Deep reinforcement learning-based multi-lane mixed traffic ramp merging strategy

RESEARCH ARTICLE Deep reinforcement learning-based multi-lane mixed traffic ramp merging strategy

Abstract

Due to concentrated conflicts, on-ramp merging is an important scenario in the study of new hybrid traffic control. Current research mainly focuses on optimizing the vehicle passage sequence of ramp vehicles merging with mainline vehicles in single-lane scenarios, neglecting the coordination problem of vehicles in multiple mainline lanes. Therefore, an Improved Dueling Double DQN On-ramp Merging Strategy combined with a sine function is proposed, establishing a Vehicle Coordination System to guide the merging of vehicles in multi-lane mainline traffic. This strategy uses the improved D3QN algorithm combined with the excellent smoothness of the sine function to evaluate driving safety, helping vehicles find suitable gaps in traffic flow. An action masking mechanism was deployed during the strategy exploration phase to prevent unsafe actions.

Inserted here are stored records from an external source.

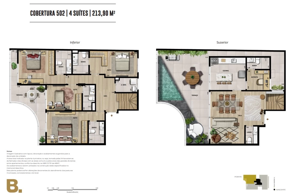 Cobertura de 4 suítes 213m².
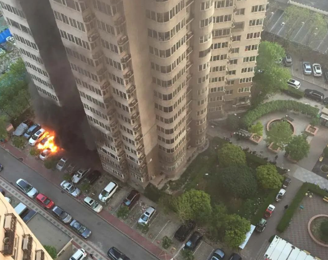 2020年4月23日早上,朝陽區(qū)百環(huán)花園小區(qū)樓下停放的兩輛私家車突然起火,火勢十分兇猛。道路兩旁停滿了私家車,擠占了消防通道,導(dǎo)致4輛消防車都被堵在進(jìn)去的路上,消防員只能在車樓之間接了三十多米長的水帶救火。現(xiàn)場大火波及了周邊停放的幾輛車,其中一輛車燒得只剩外殼,一層住戶的陽臺窗戶也被燒光。
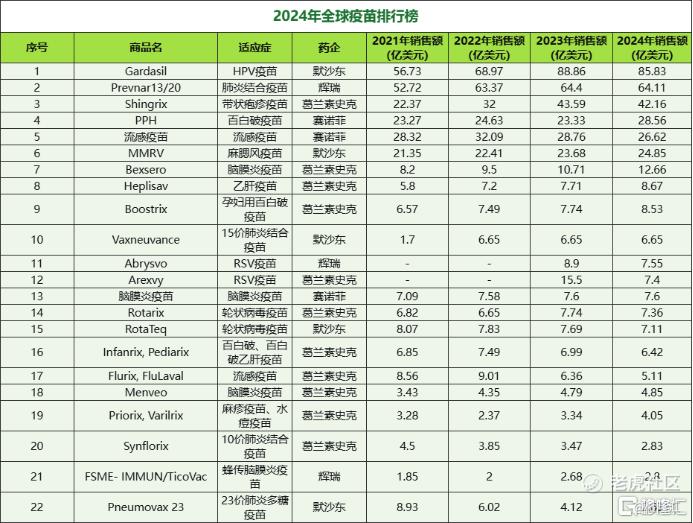 全球龙头企业辉瑞的同类产品(13价及后续上市的20价)长期占据全球疫苗销售榜首。数据显示,其Prevnar系列肺炎球菌疫苗(Prevnar 20&13)在2024年全球销售额就高达64.11亿美元。
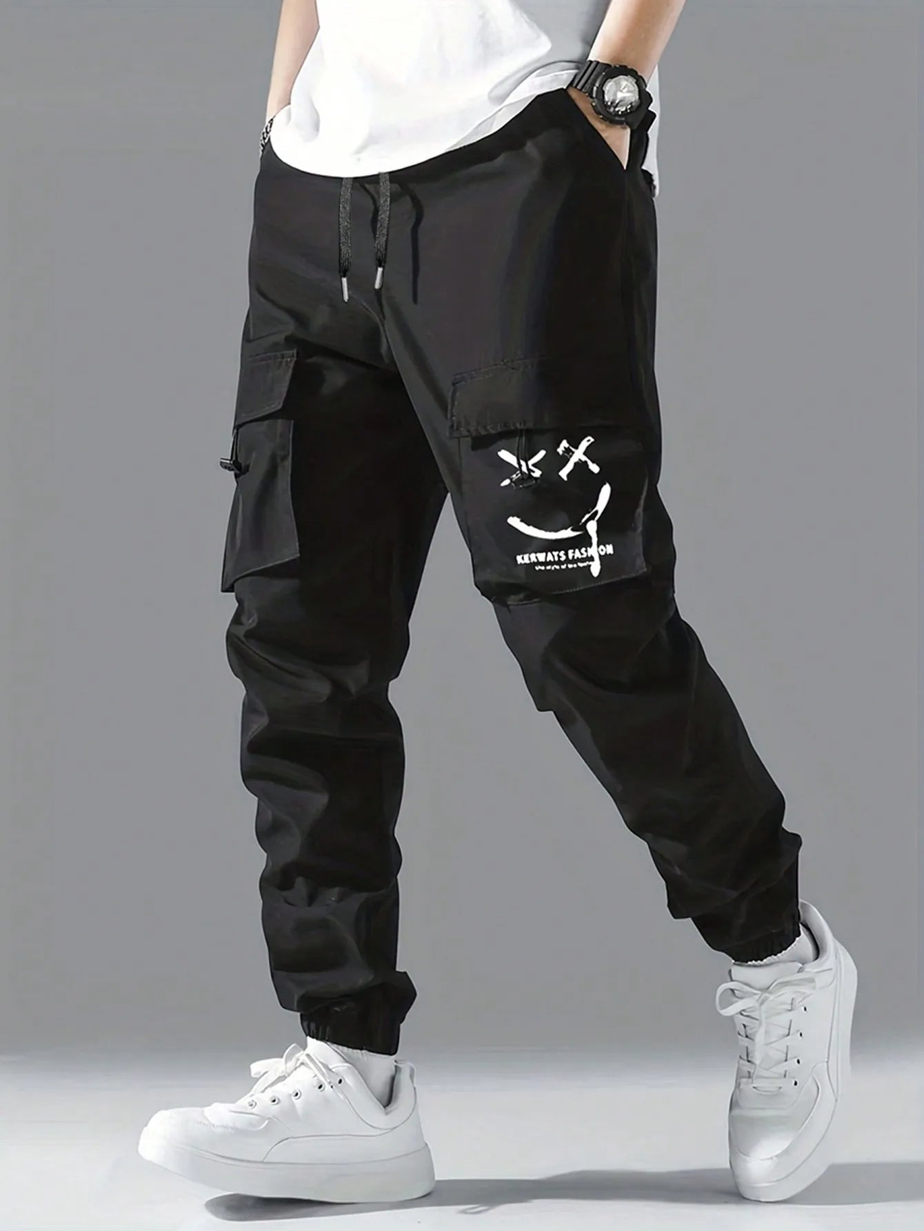 - Stilvolles Design: Mit einem trendigen lächelnden Gesichtsmuster, das diese Jogger zu einem auffälligen Teil Ihrer Garderobe macht.
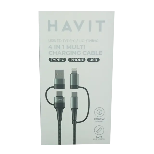 HAVIT Kabel 4v1 za polnjenje mobilnih telefonov (Type C, iPhone, USB) 60W
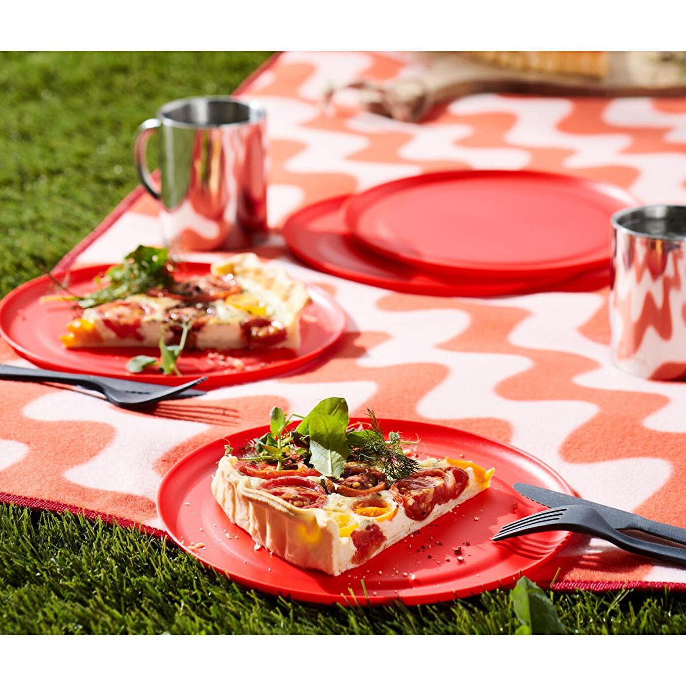 4 Adet Piknik Tabağı Renk: Kırmızı Malzeme: Tabak %100 polipropilenTutacak %100 silikon Ölçüler: Yükseklik 10 mmÇap 216 mmMalzeme kalınlığı 2 mm Kullanım Uyarıları: Mikrodalga veya dondurucuda kullanım için uygun değildir Açık havada ve piknik veya barbekü gezileriniz için ideal |Taşımak için pratik silikon tutacak dahildir |Kırılmaz ve dayanıklı|Bulaşık makinesinde yıkanabilir
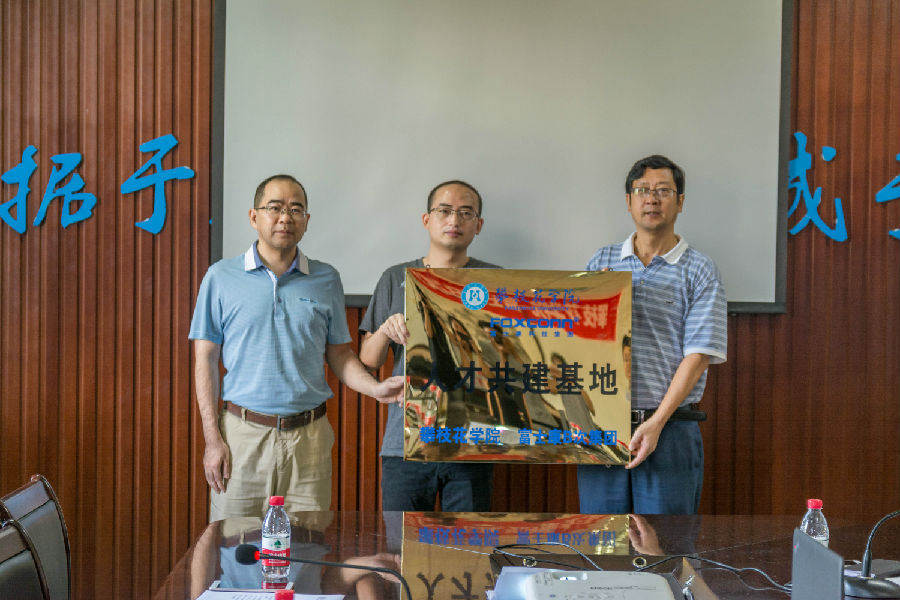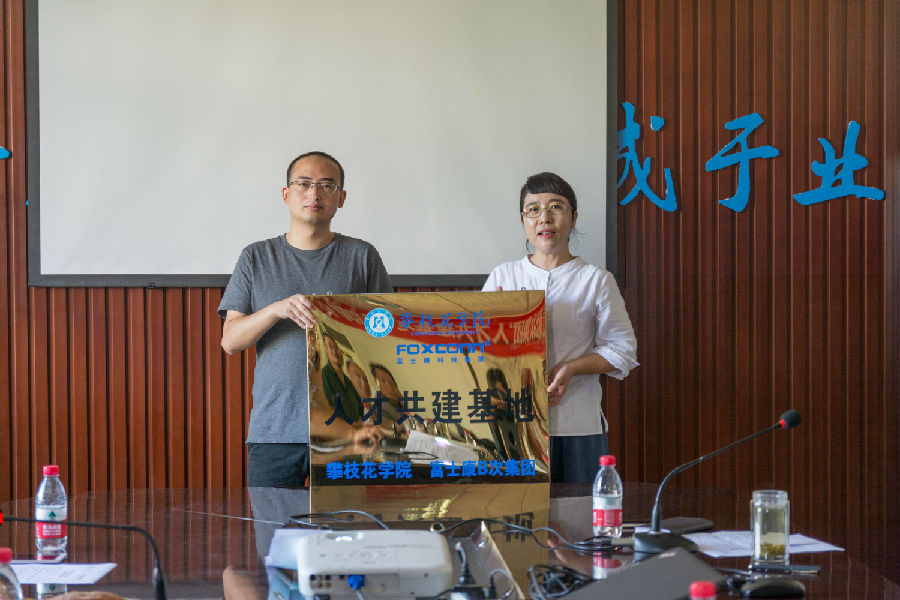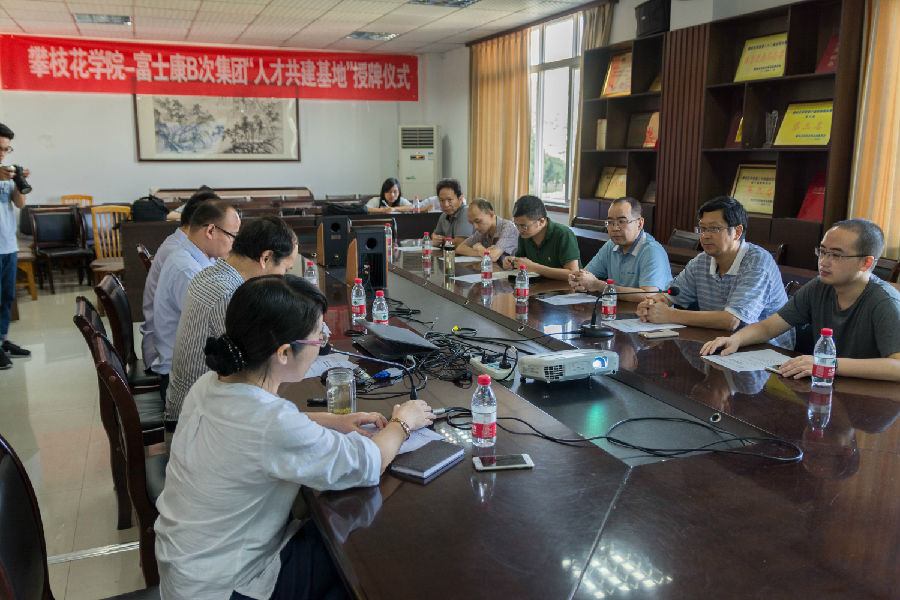 本讯报(杨瑞 钟琳敏报导)九月三十日早上九点,我校与富士康B次集团人才共建基地授牌仪式在我校励志楼四楼会议室准时开始,攀枝花学院副校长石维富,攀枝花学院招就处副处长刘东康、数计学院院长张靖、数计学院党委书记谭千蓉、电信学院副院长廖其龙、富士康B次集团技术总监向能德、数计学院学生科科长方青松、数计学院办公室主任罗淼等相关人士参与该仪式
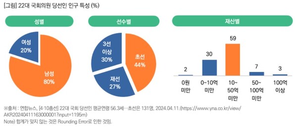22대 국회의원 당선인, 여성 20%, 초선 44%, 재산 10억 이상 68%
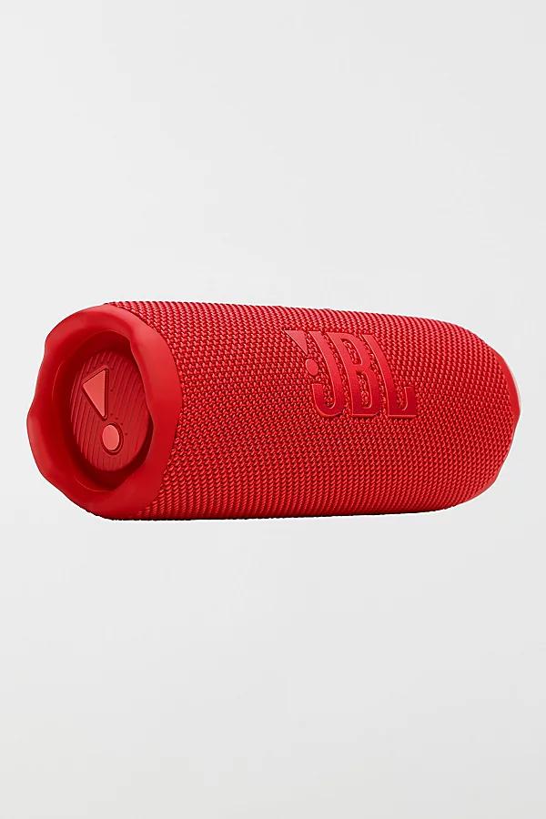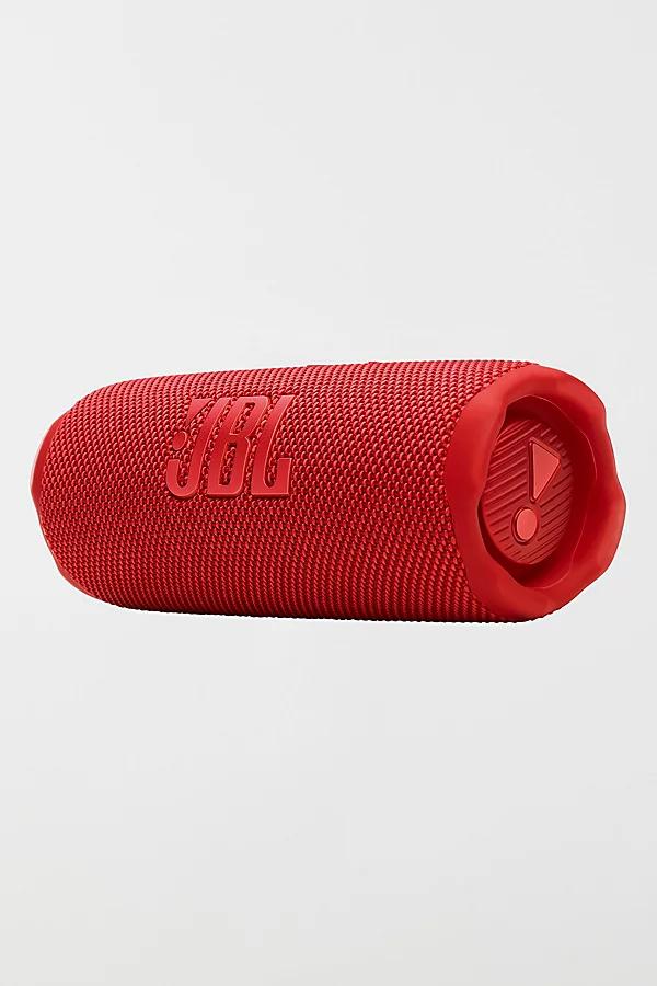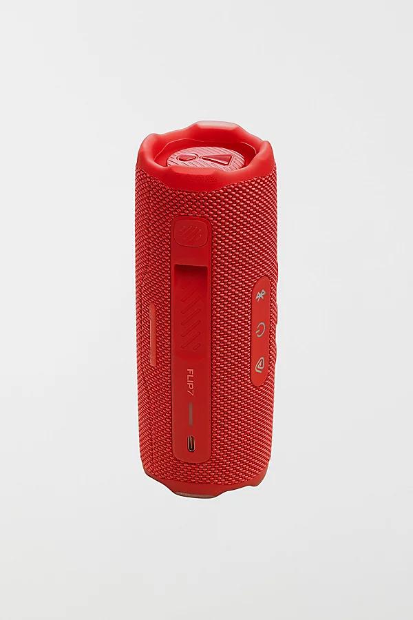 The JBL Flip 7 delivers bold JBL Pro Sound with AI Sound Boost enhancing bass and clarity for an immersive listening experience. Built to withstand any adventure it's IP68 waterproof dustproof and drop proof ensuring durability. Enjoy up to 16 hours of playtime with Playtime Boost for extra juice when needed. Multi speaker connectivity via Auracast™ lets you link multiple JBL speakers for an expanded soundstage. The PushLock system allows for easy portability with interchangeable accessories. Plus it supports lossless audio playback via USB C and offers customization through the JBL Portable app. Made with recycled materials it's as sustainable as it is powerful. * Features * Bold JBL Pro Sound with AI Sound Boost Up To 16 Hours Of Playtime Multi Speaker Connection by Auracast™ Waterproof Dustproof And Drop Proof Pushlock System with Interchangeable Accessories Lossless Audio Playback * Content + Care * Flip 7 Portable Bluetooth Speaker USB C Charging Cable Manual * Size * Transducers: 45 x 80 mm woofer/1.75 x 3" 16 mm tweeter/ 0.6" Output power: 25 W RMS for woofer 10 W RMS for tweeter Battery charge time: 2.5 hours (5V / 3A) Music play time: up to 14 hours (dependent on volume level and audio content) Dimensions (W x H x D): 7.19 x 2.7x 2.8" Net weight:1.23 lbs JBL Flip 7 Portable Bluetooth Speaker in Red at Urban Outfitters

The proposed VCS plus IDS strategy was tested in SUMO simulations of on-ramp merging under different density of vehicle flow. Under a traffic flow of one thousand two hundred vehicles per lane per hour, the on-ramp merging completion rate of VCS plus IDS reached ninety-eight point six two percent, and the task completion rate was ninety-eight point one one percent, which increased by eleven point zero eight percent and ten point seven nine percent compared to traditional D3QN, respectively, validating the effectiveness of this method.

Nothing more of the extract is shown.